Then came the kicker: Gore turned to Bradley and asked, "Why did you vote
against the disaster relief for Chris Peterson when he and thousands of other
farmers here in Iowa needed it after those '93 floods?"
Also, Seth Gitell's New Hampshire diary
and the weird worlds of Forbes, Keyes, Hatch, and Bauer
A cheap political stunt? Of course. And given Gore's pattern of distorting
Bradley's record, possibly an unfair one as well. Nevertheless, it was a
question that deserved an answer. But Bradley didn't give him one. Instead, he
replied, "This is not about the past, this is about the future. This is about
what we're going to do to change the agricultural policy we've had the last
eight, 10 years, during Republicans and Democrats. The family farmers that I've
talked to in this state, who are the backbone of this agricultural economy,
have had no real help."
Thus did Bradley manage to avoid the question, cast himself as being above
politics because he's about the "future" (whereas Gore, by implication, is
about the "past"), and insinuate -- while avoiding a specific accusation --
that the Clinton-Gore White House did nothing to help poor Chris Peterson. All
of this was delivered in Bradley's characteristically shlumpy style, an
anti-slickness that is, in fact, pretty slick, since it gives Bradley an
undeserved aura of being more real than the content of his rhetoric would
justify.
Call him Slick Billy.
Any politician will occasionally duck a question he doesn't want to
answer, of course, but Bradley's method -- slithering out of a tight spot while
appearing to be more of a stand-up guy than his opponent -- is something of an
innovation, and one he returns to again and again.

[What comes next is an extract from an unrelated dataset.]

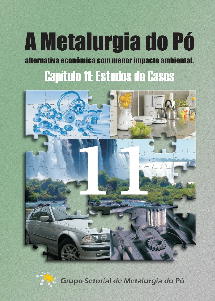 DIREITOS AUTORAIS O material contido neste documento é parte integrante do livro A METALURGIA DO PÓ: alternativa econômica com menor impacto ambiental Autor: Grupo Setorial de Metalurgia do Pó Editora: METALLUM EVENTOS TÉCNICOS E CIENTÍFICOS I.S.B.N.: 978-85-62404-00-9 Edição: 1ª Ed. / 2009; Idioma: Português; País de Origem: Brasil Seu conteúdo apresenta 15 estudos de casos de conversão para material sinterizado e poderá ser reproduzido parcialmente ou totalmente, ser utilizado na elaboração de outra obra, ser utilizado em trabalhos acadêmicos ou profissionais, apresentações eletrônicas, web sites ou qualquer outro meio de divulgação ou formato de mídia, desde que a obra original seja referenciada como fonte da informação, assim como o site www.metalurgiadopo.com.br. Os casos apresentados devem ser considerados apenas como referência. As especificações corretas para o desenvolvimento de um novo produto só poderão ser definidas por uma empresa ou profissional capacitado, mediante o estudo da aplicação do componente a ser desenvolvido. ESTE MATERIAL NÃO PODERÁ SER ASSOCIADO A EMPRESAS QUE NÃO SEJAM PARTICIPANTES DO GRUPO SETORIAL DE METALURGIA DO PÓ. Grupo Setorial de Metalurgia do Pó 3 A Metalurgia do Pó – alternativa econômica com menor impacto ambiental Grupo Setorial de Metalurgia do Pó www.metalurgiadopo.com.br 11 ESTUDOS DE CASOS Nas páginas a seguir são exemplificados vários casos de conversão de peças estruturais para o sinterizado. São peças que eram antes fabricadas por outros processos tais como usinagem, fundição, microfusão, forjamento, estampagem, trefilação ou laminação, dentre outros. São apresentadas também as vantagens obtidas em cada uma das conversões. De forma resumida, os benefícios obtidos nestas conversões foram: • Melhora no desempenho do produto final • Maior precisão dimensional • Melhora da resistência mecânica • Melhora das propriedades tribológicas • Propriedades autolubrificantes • Eliminação de processos poluentes • Redução de custo • Redução do ruído • Redução do número de etapas de fabricação • Redução do número de componentes na peça • Redução do lead-time de fabricação • Redução do peso final As possibilidades de ganho são infinitas. Dependem da criatividade e proatividade de cada profissional envolvido na fabricação do produto. Capítulo 11 – Estudos de Casos 4 Grupo Setorial de Metalurgia do Pó www.metalurgiadopo.com.br Caso 1: Anel para freio ABS Aplicação: Automobilística - Sistema de freio ABS. Projeto original: Material: aço SAE 1020 Peça fabricada a partir de dois componentes estampados. Processo: estampagem, montagem com rebites, usinagem e cromatização. Conversão para o sinterizado: Material: aço sinterizado DIN D35 Processo: Compactação, sinterização, usinagem, rebarbação, ferrox e zincagem. Comentários: Vantagens em redução de peso e melhor precisão dimensional, importante na montagem do conjunto. 5 A Metalurgia do Pó – alternativa econômica com menor impacto ambiental Grupo Setorial de Metalurgia do Pó www.metalurgiadopo.com.br Caso 2: Anel sincronizador Aplicação: Automobilística - Caixa de transmissão. Projeto original: Material: latão Processo: forjado e usinado (2 operações). Conversão para o sinterizado: Material: aço sinterizado MPIF FN-0208-35 Processo: compactação, pré-sinterização, recompactação, sinterização, usinagem (1 operação) e carbonitretação. Comentários: Vantagem no aumento da resistência mecânica do componente. Capítulo 11 – Estudos de Casos 6 Grupo Setorial de Metalurgia do Pó www.metalurgiadopo.com.br Caso 3: Tampa da polia Aplicação: Automobilística - Tampa da polia do alternador Projeto original: Material: aço SAE 1020. Peça fabricada a partir de dois componentes usinados. Processo: porca – usinagem (2 operações), recartilhagem. corpo – usinagem (5 operações), montagem da porca por interferência. Conversão para o sinterizado: Material: aço sinterizado MPIF F-0005-20 Processo: compactação, sinterização, usinagem (1 operação) e ferrox. Comentários: O componente foi reprojetado para adaptação ao sinterizado. Originalmente feito em duas peças e com várias operações de usinagem, em sinterizado é feito em uma só peça com ganho da operação de montagem e da qualidade do conjunto. 7 A Metalurgia do Pó – alternativa econômica com menor impacto ambiental Grupo Setorial de Metalurgia do Pó www.metalurgiadopo.com.br Caso 4: Arruela suporte Aplicação: Automobilística – Amortecedor de suspensão. Projeto original: Material: aço ABNT 12L14 Processo: usinagem em 4 operações a partir de barra. Conversão para o sinterizado: Material: aço sinterizado MPIF F-0005-15 Processo: compactação, sinterização, usinagem (1 operação), ferrox. Comentários: Vantagens na maior precisão dimensional e eliminação da operação de lavagem antes da montagem da peça. Capítulo 11 – Estudos de Casos 8 Grupo Setorial de Metalurgia do Pó www.metalurgiadopo.com.br Caso 5: Porca da haste Aplicação: Automobilística – Amortecedor de suspensão. Projeto original: Material: aço ABNT 12L14 Processo: usinagem em 4 operações a partir de barra sextavada. Conversão para o sinterizado: Material: aço sinterizado MPIF F-0005-15 Processo: compactação, sinterização, calibração, rosqueamento e ferrox. Comentários: Vantagens na maior precisão dimensional e eliminação da operação de lavagem antes da montagem da peça. 9 A Metalurgia do Pó – alternativa econômica com menor impacto ambiental Grupo Setorial de Metalurgia do Pó www.metalurgiadopo.com.br Caso 6: Engrenagem Aplicação: Automobilística - Engrenagem Projeto original: - Chapa estampada: Estampado, cromatizado. - Aço trefilado: Trefilado, usinado, cementado e tratado térmicamente. As duas peças são montadas por interferência. Conversão para o sinterizado: Aço

With the New Hampshire primary a little more than two weeks away, polls show
that Vice-President Gore and former New Jersey senator Bradley are neck and
neck, with Bradley enjoying perhaps a slight edge. There's little doubt that
Bradley's unexpected success is the result of his carefully crafted image as a
truth-telling outsider taking on the hopelessly compromised scion of the
party's establishment -- a man who Bradley claims is "in a Washington bunker,"
as though he were Richard Nixon. Bradley's trick is a neat one, given that both
he and Gore served for nearly two decades on Capitol Hill and come from the
party's moderate, pro-business wing.
"How much more establishment can you be than Bill Bradley?" asks Marc Landy,
chairman of the political-science department at Boston College and the author
of the forthcoming book Presidential Greatness. "Bradley has great
virtues -- he clearly is a man of integrity. But he claims to be a candidate of
big ideas, and he has almost no big ideas. And he's not terribly articulate.
God knows this isn't going to be decided on the issues."
Indeed, on matters from health care to the environment, from campaign-finance
reform to gays in the military, Bill Bradley and Al Gore claim to be on the
same side. The differences are entirely a matter of atmospherics: Bradley says
he favors the sort of big, sweeping changes that only an outsider can
accomplish, whereas Gore casts himself as a practical advocate of the
possible.
And, over and over again, the Bradley mystique comes down to the matter of
authenticity. Take, for instance, a speech Bradley gave in Bedford, New
Hampshire, at a January 4 "Politics and Eggs" lunch sponsored by the New
England Council, a business group headed by former Boston state representative
(and former mayoral candidate) Jim Brett. Following about a half-hour of vague
declaiming in favor of that which is good and against that which is bad,
leavened with a few jokes about the Celtics-Knicks rivalry he was a part for so
many years, Bradley wound it up: "This campaign has the radical premise that
you can just go out and tell people what you believe and win." Given the lack
of specifics that had preceded it, I almost expected the audience to burst out
laughing. Instead, it gave him a round of applause that was somewhere between
polite and enthusiastic -- not bad at all, given that most of those on hand
would no doubt be voting in the Republican primary.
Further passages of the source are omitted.